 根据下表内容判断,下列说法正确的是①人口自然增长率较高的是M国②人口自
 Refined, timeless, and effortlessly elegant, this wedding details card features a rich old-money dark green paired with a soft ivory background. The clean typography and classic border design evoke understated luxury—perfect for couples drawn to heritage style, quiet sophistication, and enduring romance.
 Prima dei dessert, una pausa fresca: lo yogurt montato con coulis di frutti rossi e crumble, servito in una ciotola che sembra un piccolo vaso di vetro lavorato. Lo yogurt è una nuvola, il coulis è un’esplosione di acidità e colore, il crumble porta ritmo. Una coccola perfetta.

==

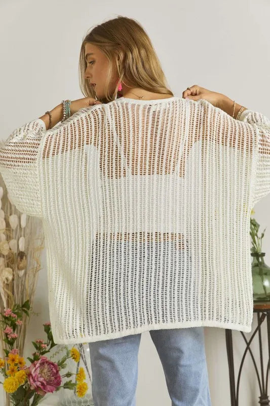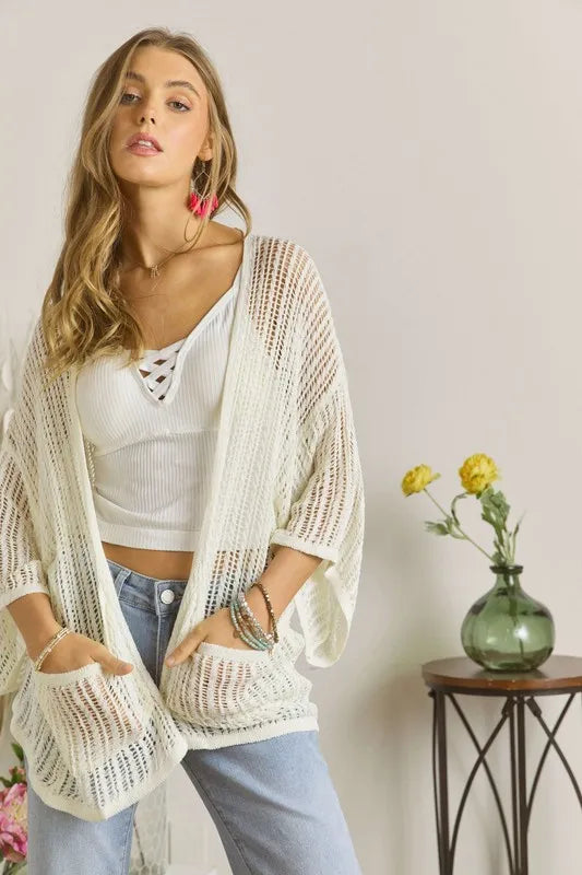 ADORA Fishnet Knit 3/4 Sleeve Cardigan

▸ Work required
Copy exactly the stretch of data above from the line with "根据下表内容判断,下列说法正确的是①人口自然增长率较高的是M国②人口自" through the line with "Refined, timeless, and", and omit all other lines.

▸ Answer to this problem
 根据下表内容判断,下列说法正确的是①人口自然增长率较高的是M国②人口自
 Refined, timeless, and effortlessly elegant, this wedding details card features a rich old-money dark green paired with a soft ivory background. The clean typography and classic border design evoke understated luxury—perfect for couples drawn to heritage style, quiet sophistication, and enduring romance.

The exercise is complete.